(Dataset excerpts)
======

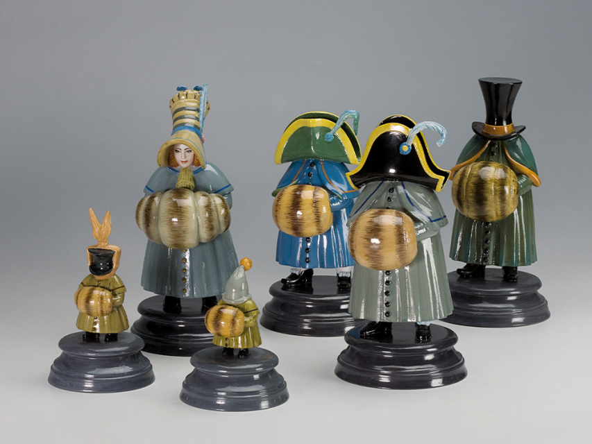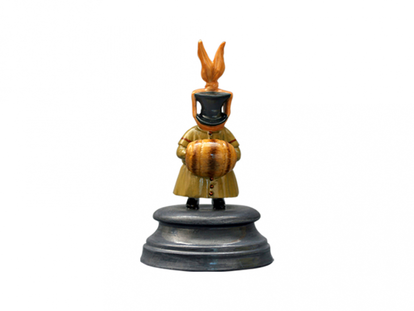 Роспись выполнена в технике надглазурной живописи надглазурными красками. Коллекция включает в себя 12 скульптур, из которых с первой по шестую – взрослые гости и с седьмой по двенадцатую – дети. Скульптура изображает маленького гостя, в плаще песочного цвета и в черном цилиндре, поверх цилиндра оранжевый платок, хвостики платка торчат вверх. Руки гостя спрятаны в оранжевую с темными полосами муфту. Скульптура на постаменте в форме усеченного конуса с горизонтальным круговым рельефом. На дне постамента стоит название, надпись «Персонаж балета “Щелкунчик”», подпись Шемякина и клеймо «Орел»
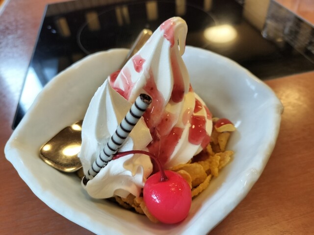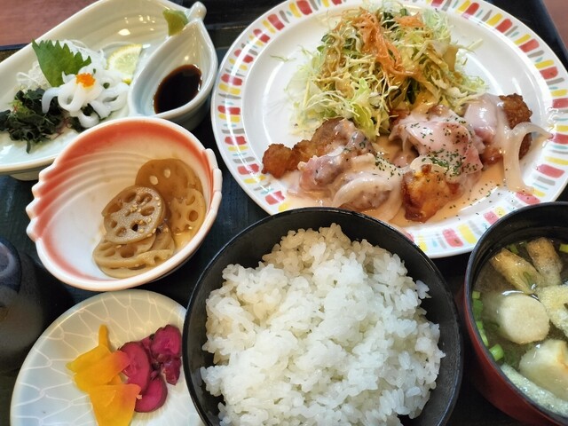 日替わりランチを食べました。本日は鶏むね肉のクリームソースかけとイカそうめんでした。唐揚げは時々食べるけど、それにクリームソースかかっているのは初めて。おいしかったです!ご飯も少しおかわりした。アプリクーポン利用で500円引きになり支払いが500円でお得でした!イオンカード提示でソフトドリンク無料のサービスは8月で終わっていました(T_T)
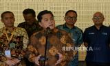 Menteri Koordinator Bidang Kemaritiman dan Investasi (Menko Marves) Ad Interim Erick Thohir (tengah) President Director Indonesia Tourism Development Corporation (ITDC) Ari Respati (kanan) dan Wakil Menteri Agama Saiful Rahmat Daisuki (kiri) memberikan keterangan usai peresmian Golo Mori Convention Center (GMCC) di Golo Mori, Kabupaten Manggarai Barat, NTT, Rabu (6/12/2023). PT Pengembangan Pariwisata Indonesia (Persero) atau Indonesia Tourism Development Corporation (ITDC) meresmikan Golo Mori Convention Center (GMCC) yang dapat digunakan untuk kegiatan Meeting, Incentives, Conventions and Exhibitions (MICE) berstandar internasional. Lokasi GMCC tersebut berhadapan dengan Pulau Rinca yang termasuk kedalam Taman Nasional Komodo yang merupakan situs warisan dunia UNESCO. kawasan MICE Golo Mori ini akan dikembangkan menjadi kawasan pariwisata berkelanjutan yang terintegrasi dengan dilengkapi fasilitas hotel dan resort berbintang, pusat penelitian dan wisata edukasi komodo, wisata petualangan (adventure tourism) pelabuhan wisata dan penyeberangan serta fasilitas penunjang wisata lainnya. (FOTO : Republika/Thoudy Badai)
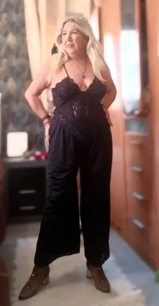 Mono largo palabra de honor, color negro. de tejido ligero, pero sin transparencias ni se pega al cuerpo. elásticos en los tobillos y en el pecho, para que no se mueva. lleva dos bolsillos con tapeta y botones metálicos y cremallera. Muy cómodo. De vestir y casual. Nunca se llegó a estrenar, pero le quité la etiqueta
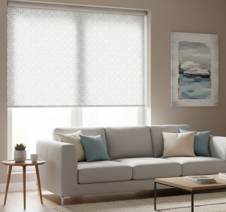 Fenster rollo modern in grau-weißem muster

======

Exercise brief:
The response should repeat every entry above exactly and include none of the pictures.

Response box:
 Роспись выполнена в технике надглазурной живописи надглазурными красками. Коллекция включает в себя 12 скульптур, из которых с первой по шестую – взрослые гости и с седьмой по двенадцатую – дети. Скульптура изображает маленького гостя, в плаще песочного цвета и в черном цилиндре, поверх цилиндра оранжевый платок, хвостики платка торчат вверх. Руки гостя спрятаны в оранжевую с темными полосами муфту. Скульптура на постаменте в форме усеченного конуса с горизонтальным круговым рельефом. На дне постамента стоит название, надпись «Персонаж балета “Щелкунчик”», подпись Шемякина и клеймо «Орел»
 日替わりランチを食べました。本日は鶏むね肉のクリームソースかけとイカそうめんでした。唐揚げは時々食べるけど、それにクリームソースかかっているのは初めて。おいしかったです!ご飯も少しおかわりした。アプリクーポン利用で500円引きになり支払いが500円でお得でした!イオンカード提示でソフトドリンク無料のサービスは8月で終わっていました(T_T)
 Menteri Koordinator Bidang Kemaritiman dan Investasi (Menko Marves) Ad Interim Erick Thohir (tengah) President Director Indonesia Tourism Development Corporation (ITDC) Ari Respati (kanan) dan Wakil Menteri Agama Saiful Rahmat Daisuki (kiri) memberikan keterangan usai peresmian Golo Mori Convention Center (GMCC) di Golo Mori, Kabupaten Manggarai Barat, NTT, Rabu (6/12/2023). PT Pengembangan Pariwisata Indonesia (Persero) atau Indonesia Tourism Development Corporation (ITDC) meresmikan Golo Mori Convention Center (GMCC) yang dapat digunakan untuk kegiatan Meeting, Incentives, Conventions and Exhibitions (MICE) berstandar internasional. Lokasi GMCC tersebut berhadapan dengan Pulau Rinca yang termasuk kedalam Taman Nasional Komodo yang merupakan situs warisan dunia UNESCO. kawasan MICE Golo Mori ini akan dikembangkan menjadi kawasan pariwisata berkelanjutan yang terintegrasi dengan dilengkapi fasilitas hotel dan resort berbintang, pusat penelitian dan wisata edukasi komodo, wisata petualangan (adventure tourism) pelabuhan wisata dan penyeberangan serta fasilitas penunjang wisata lainnya. (FOTO : Republika/Thoudy Badai)
 Mono largo palabra de honor, color negro. de tejido ligero, pero sin transparencias ni se pega al cuerpo. elásticos en los tobillos y en el pecho, para que no se mueva. lleva dos bolsillos con tapeta y botones metálicos y cremallera. Muy cómodo. De vestir y casual. Nunca se llegó a estrenar, pero le quité la etiqueta
 Fenster rollo modern in grau-weißem muster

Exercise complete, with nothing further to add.